Marina Fioravanti
- Born: 6 October 1993 (age 32)
- Height: 1.69 m (5 ft 7 in)
- Weight: 66 kg (146 lb)

Rugby union career
- Position: Fly-half

Senior career
- Years: Team / Apps / (Points)
- Poli /  / (0)

International career
- Years: Team / Apps / (Points)
- 2023–: Brazil / 9 / (0)

National sevens team
- Years: Team /  / Comps
- 2020–: Brazil

= Marina Fioravanti =

Brazilian rugby sevens player

Marina Fioravanti Costa (born 6 October 1993) is a Brazilian rugby union player.

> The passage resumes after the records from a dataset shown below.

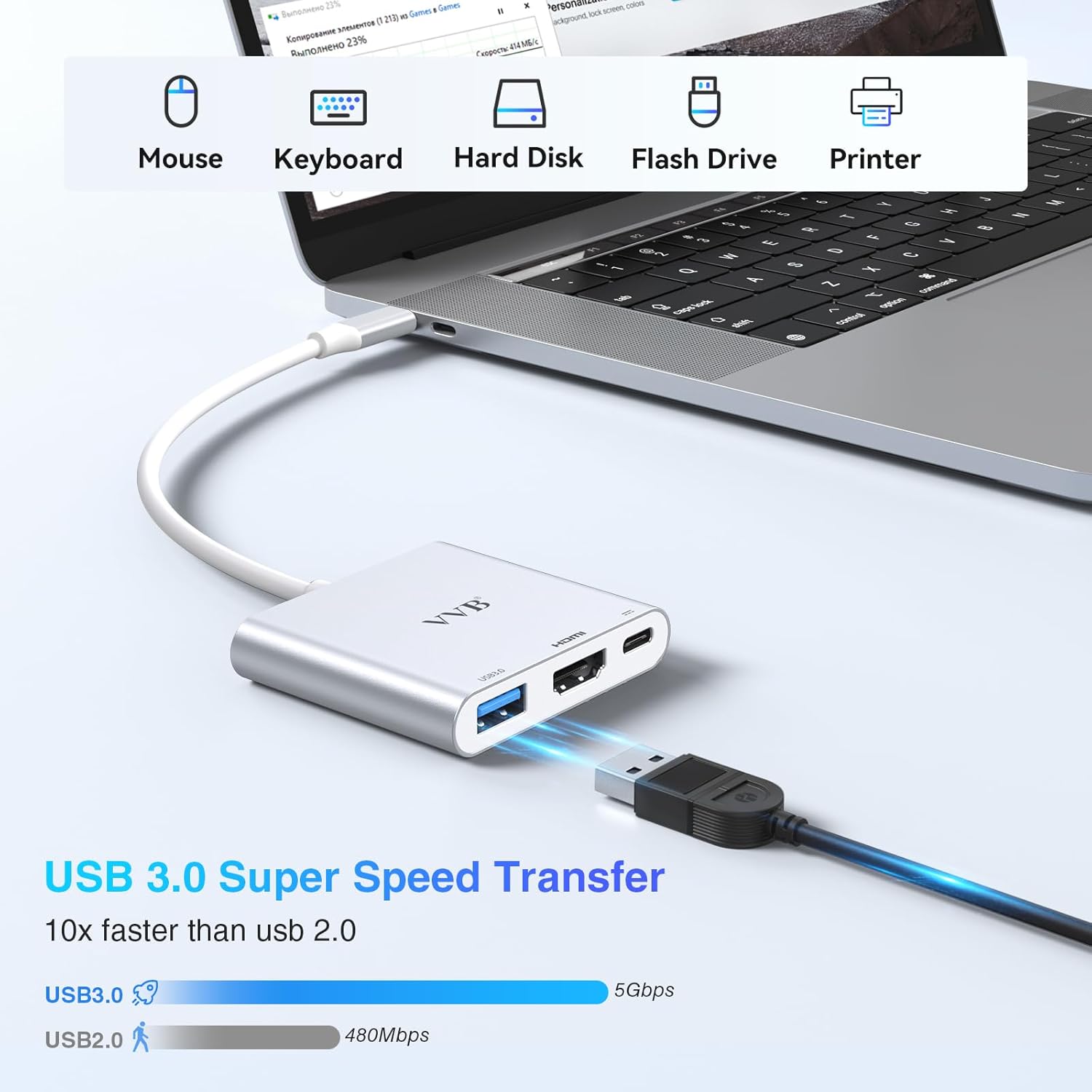 - USB C to HDMI Adapter 3-IN-1: This multiport digital AV converter expand laptop USB type-C port into 4K@30Hz HDMI output port, a PD charging port (Charging function only), and a USB-A 3.0 port. Universal usb 3.0 multiport adapter convenient for home-theater entertainment,exhibition,optimizing office productivity etc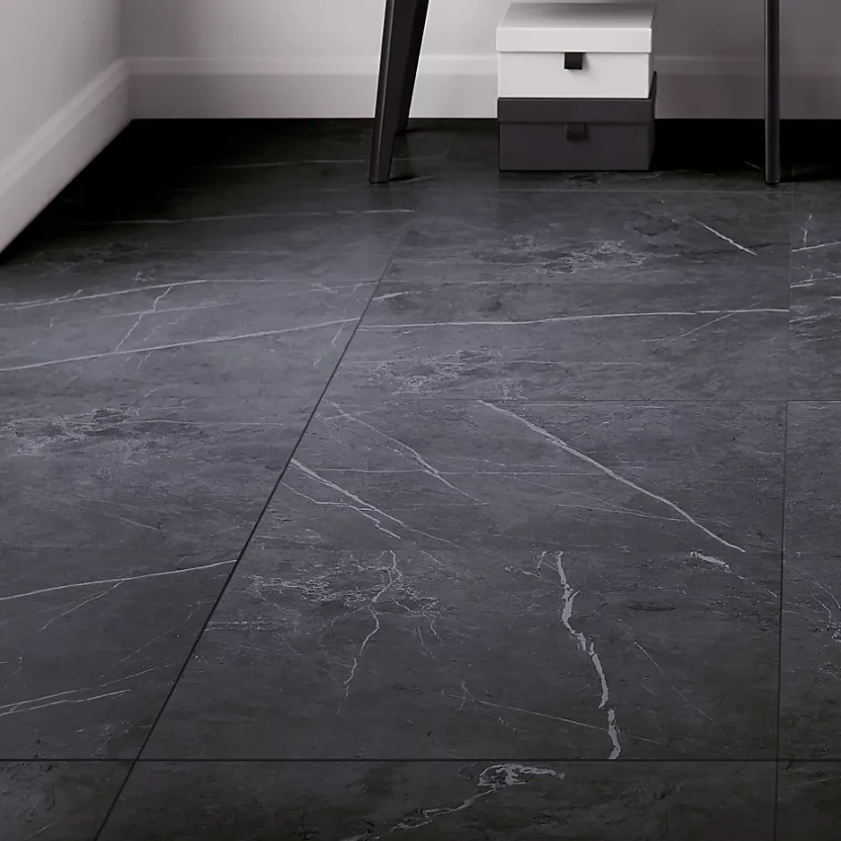 Carrelage sol et mur intérieur effet marbre noir mat L.60 x l.60 cm x ép.9 mm – lot de 3, GoodHome Ultimate Marble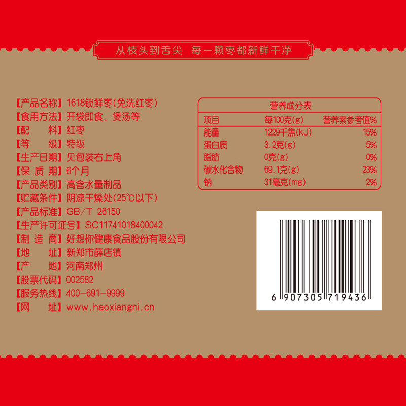 节日礼品 6星特级健康情大枣 好想你红枣 好想你1618克礼盒装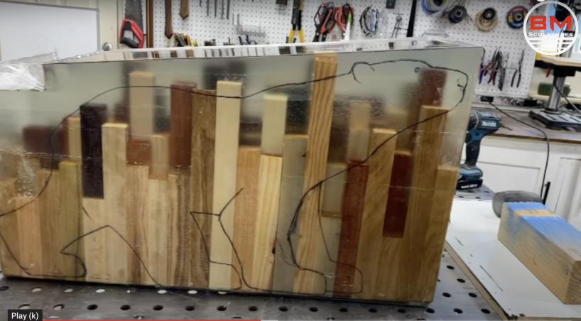 Для создания скульптуры я использовал 9 галлонов эпоксидной смолы и различные породы дерева. Сначала я обработал доски из ореха, красного дерева, дуба, тополя и сосны. Я использовал различные деревообрабатывающие инструменты, чтобы добиться одинаковой толщины. Затем я использовал эпоксидную смолу, чтобы залить основу из досок 9 галлонами эпоксидной смолы. После застывания я вырезал и обработал массивный блок с помощью бензопилы, углошлифовальной машинки, шлифовального станка и различных шлифовальных инструментов. На этом пути было много трудностей, но я в восторге от того, какой получилась эта скульптура.
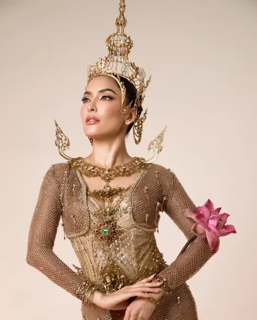 Pinky以传承泰国传统为初心,化身拉克萨德维女神,身着耀眼的金色改良泰装,搭配粉色莲花配饰,既有泰式美学的凌厉感,又不失女性的柔美,一举一动都气场全开,美得动人心魄,自带强大的女神气场。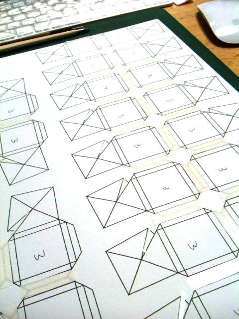 のりしろ部分に両面テープを貼り、あとはひたすら切っていきます。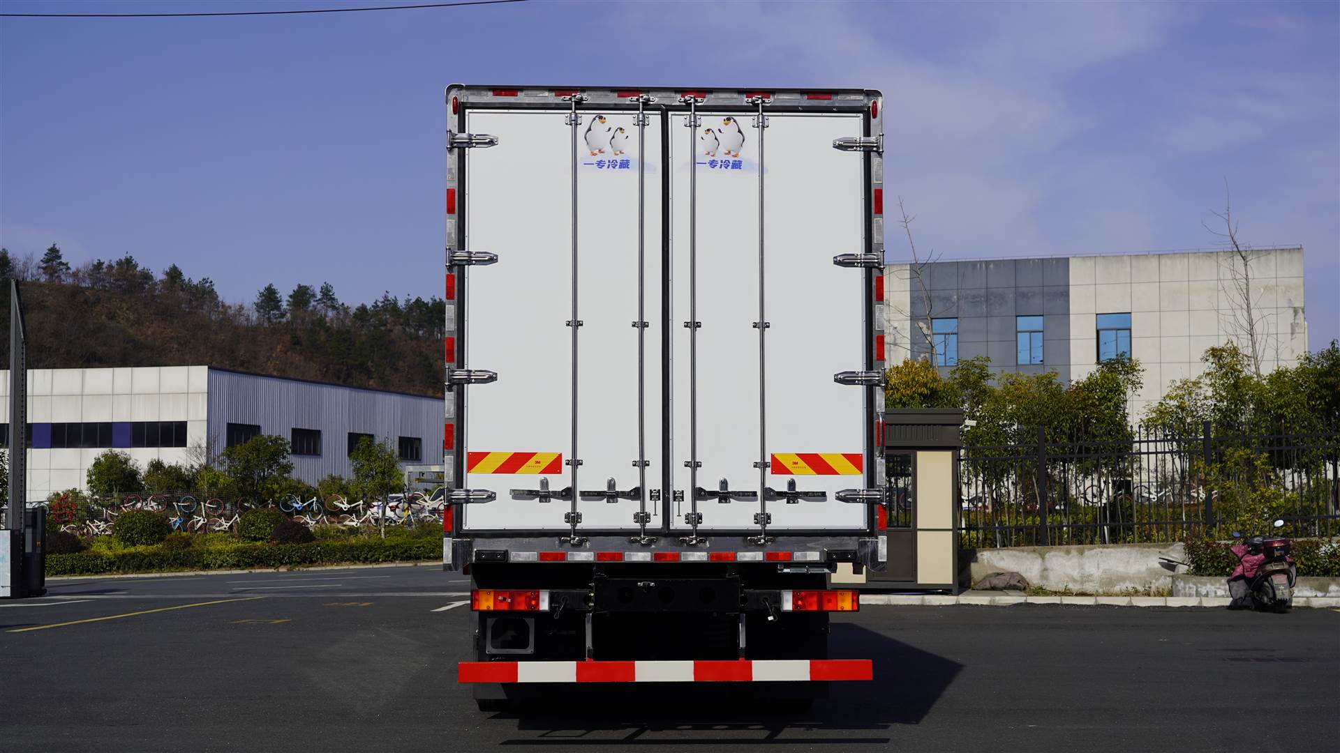厢体配置:采用聚氨酯整体高压发泡成型生产工艺制造,厢体外采用预涂铝合金铆接,厢体厚度8CM,保温材料为40-50kg/立方高密度聚氨酯发泡,内蒙皮采用食品级(FDA认证)自带通风槽VR板材,无空隙高压整体灌注发泡压板技术(行业技术水平),厢体副梁与横梁为冷铆工艺连接,箱内底板矩形满焊通风槽,箱内300MM高裙边护板,铝合金型材包边,304不锈钢门框,加厚型不锈钢后门合页及锁件,厢体内部采用LED照明灯及厢体示宽灯。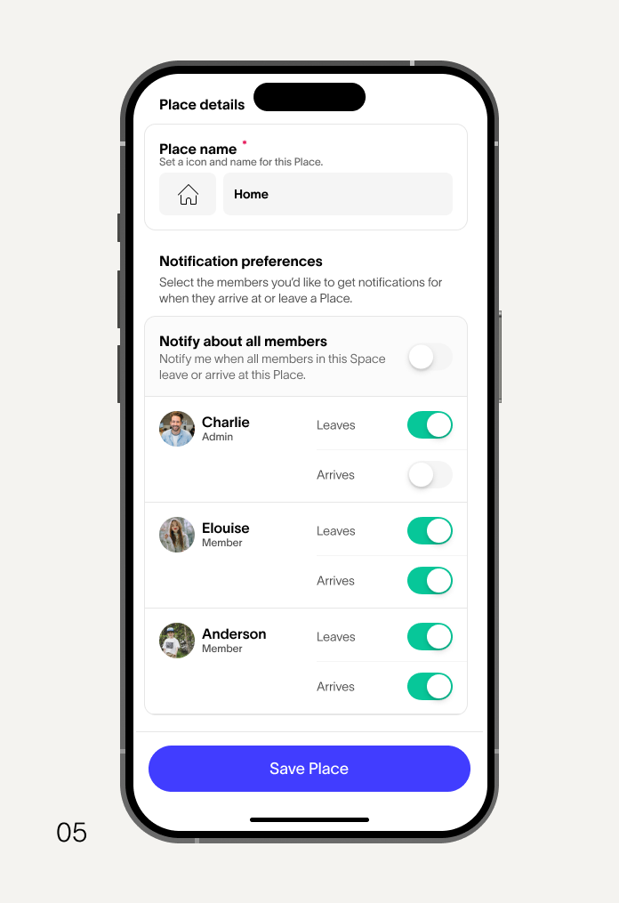 You can edit the name and icon and select what members you’d like to get notifications for when they arrive at or leave the Place.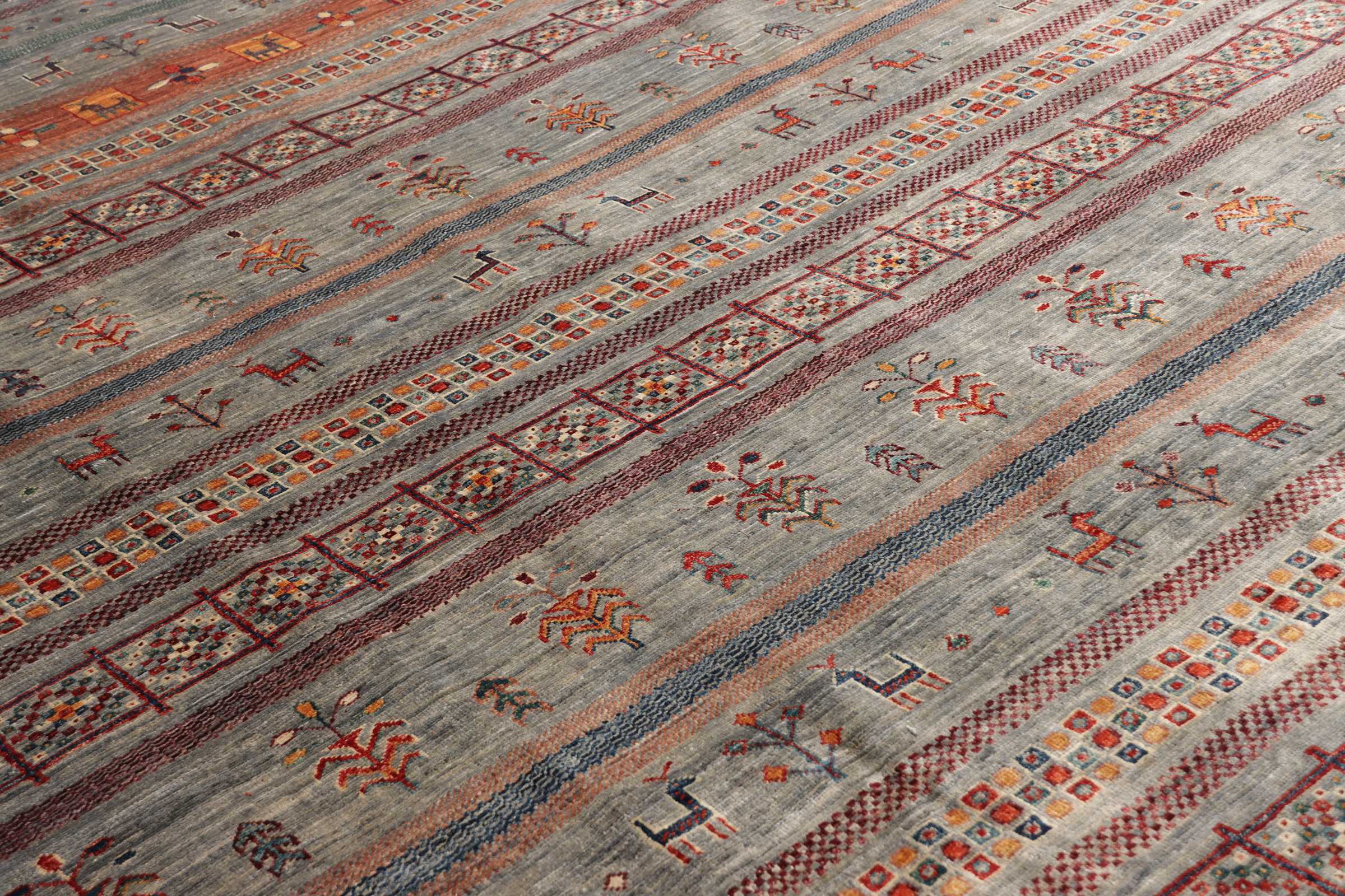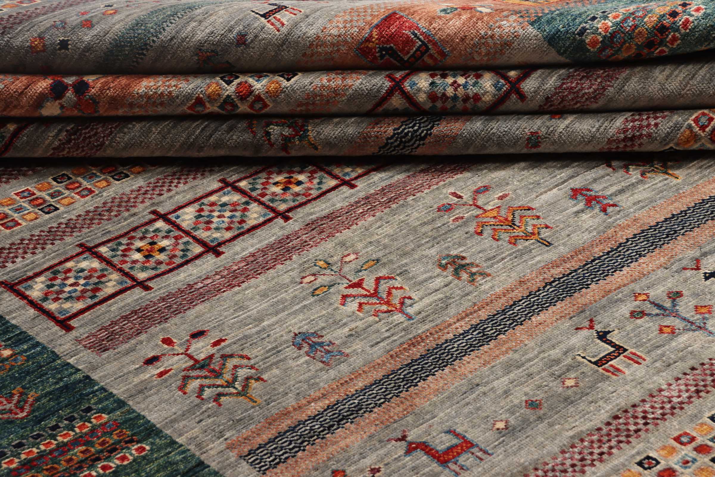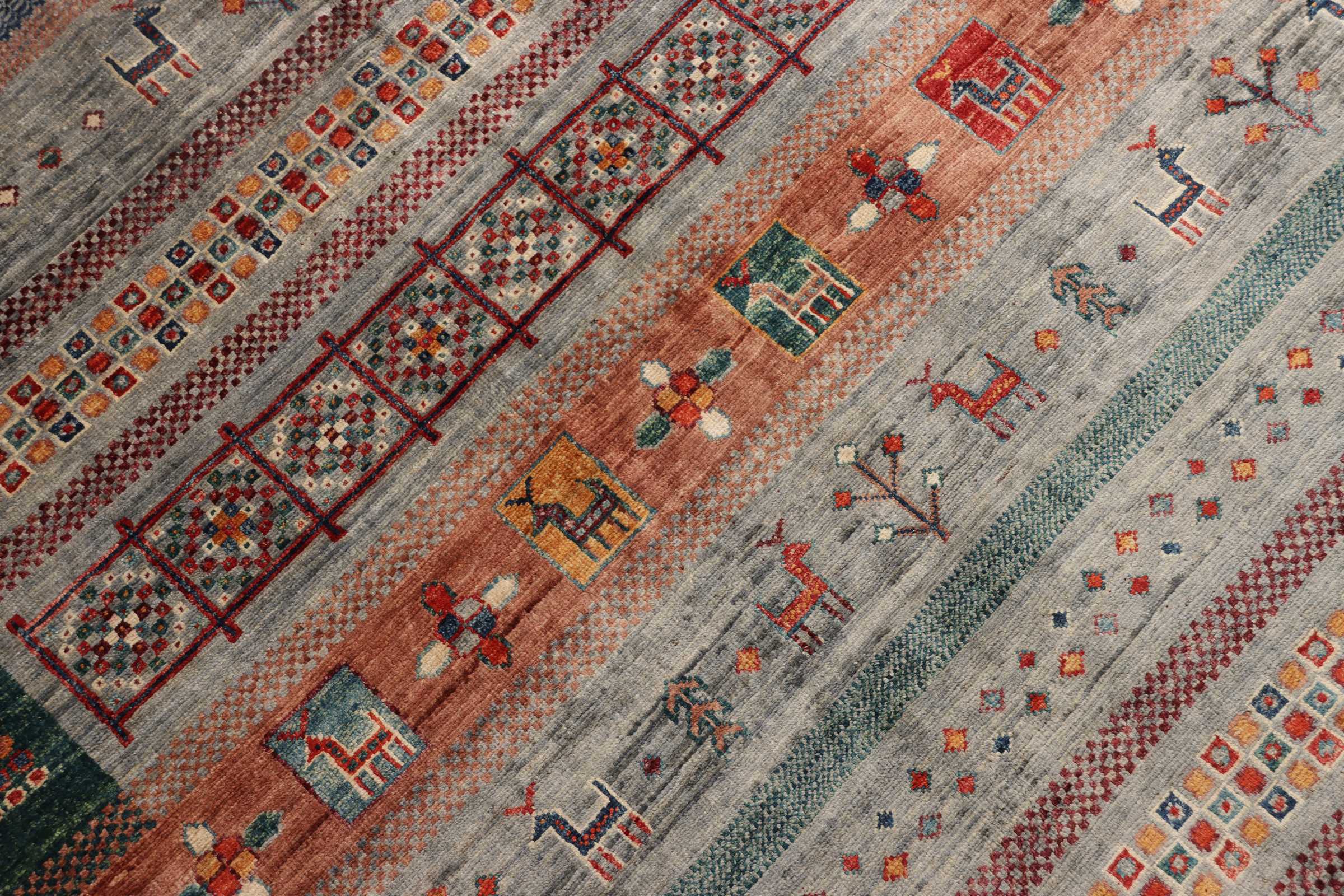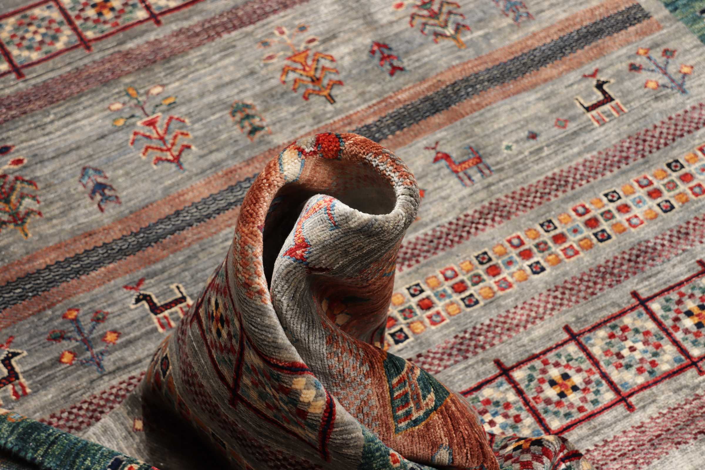 Das Muster dieses handgeknüpften Oxiana Teppichs ist angelehnt an die traditionellen, usbekischen Muster. Ursprünglich wurde vor allem in der Region um Samarkand und Oxiana Teppiche mit einem ähnlichen Muster geknüpft. Unsere Oxiana Teppiche sind auf den zeitgenössischen Geschmack abgestimmt: Harmonische Farbkompositionen aus Naturfarben schmeicheln dem traditionellen Muster. Die Oxiana Teppiche zieren farbenfrohe Querstreifen, die sich mit phantasievoll gemusterten Bereichen abwechseln. Die gemusterten Teile zeigen geometrische Kompositionen, die an ein Kazak Muster erinnern. Charakteristisch ist außerdem, dass die Fransen in kleinen Bündeln zusammengefasst und mit verschiedenfarbigen Fäden umwickelt wurden.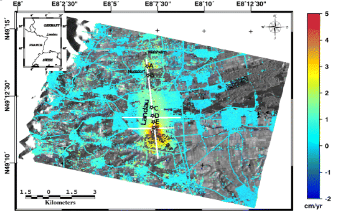 Kuva 1. InSAR satelliittikuva maannoususta Landaun kaupungissa verrattuna sen ympäristöön.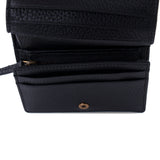 Details: Black Leather / Grass Hardware / Metal Bee Embellishment at Front / Four Card Slots / One Bill Compartment / Two Flat Pockets / One Zip Pocket / Snap Closure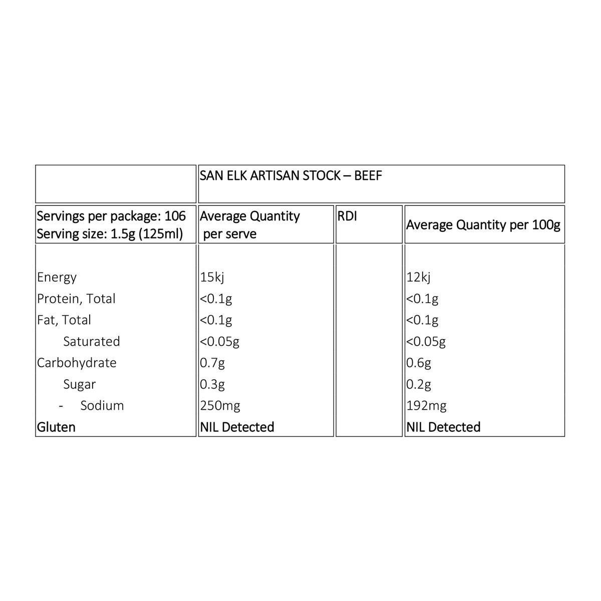 San Elk Artisan Stock Beef Bone is certified organic artisan beef stock. Each batch is handcrafted using premium ingredients, dehydrated and finely ground to create a nutritious flavoursome stock. San Elk uses boiled beef bones in their stock that creates a milder flavour profile and is lighter in colour.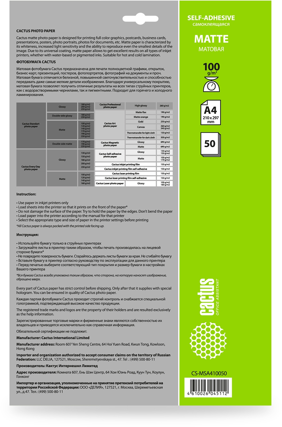 Фотобумага Cactus CS-MSA410050 A4/100г/м2/50л./белый матовое самоклей. для струйной печати
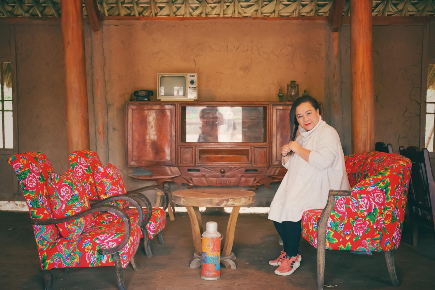 | Trong nhà bày biện đơn sơ với bộ ghế gỗ họa tiết chăn con công, ti vi đen trắng, điện thoại quay số, đèn dầu,... những đồ vật đặc trưng của các gia đình Việt ở những năm thập niên 1990 - tất cả những vật dụng này là cả tâm huyết mà chủ nhân khu du lịch này lặn lội kiếm tìm. |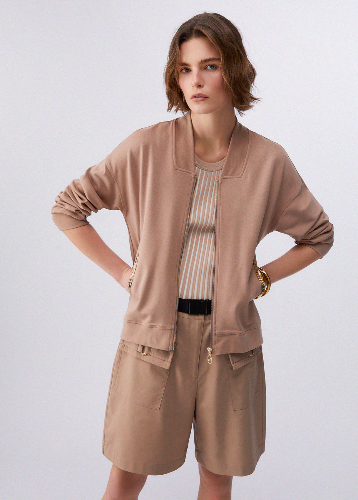Liu Jo Felpa Con Zip E Dettagli Chain, Beige, M
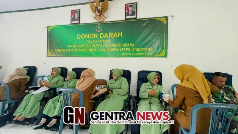 Dompu,NTB – Dalam rangka memperingati Hari Ulang Tahun (HUT) ke-80 Persit Kartika Chandra Kirana, Persit KCK Cabang XXVIII Kodim 1614/Dompu Koorcabrem 162 PD IX/Udayana menggelar kegiatan donor darah, Selasa (27/1/2026). Kegiatan tersebut berlangsung di Aula Makodim 1614/Dompu, Jalan Ahmad Yani, Kelurahan Dorotangga, Kecamatan Dompu, Kabupaten Dompu.

She competed in the women's tournament at the 2020 Summer Olympics.

== Rugby career ==
Fioravanti represented Brazil at the 2022 Rugby World Cup Sevens in Cape Town, they placed eleventh overall.

In July 2023, she was named in Brazil's fifteens team to play Colombia for a spot in the inaugural WXV competition. She started in the first of two games against Colombia, her side narrowly lost 23–24.

She was named in the Brazilian women's sevens team that competed at the 2024 Summer Olympics in Paris.

In July 2025, she was named in Brazil's squad for the Women's Rugby World Cup in England.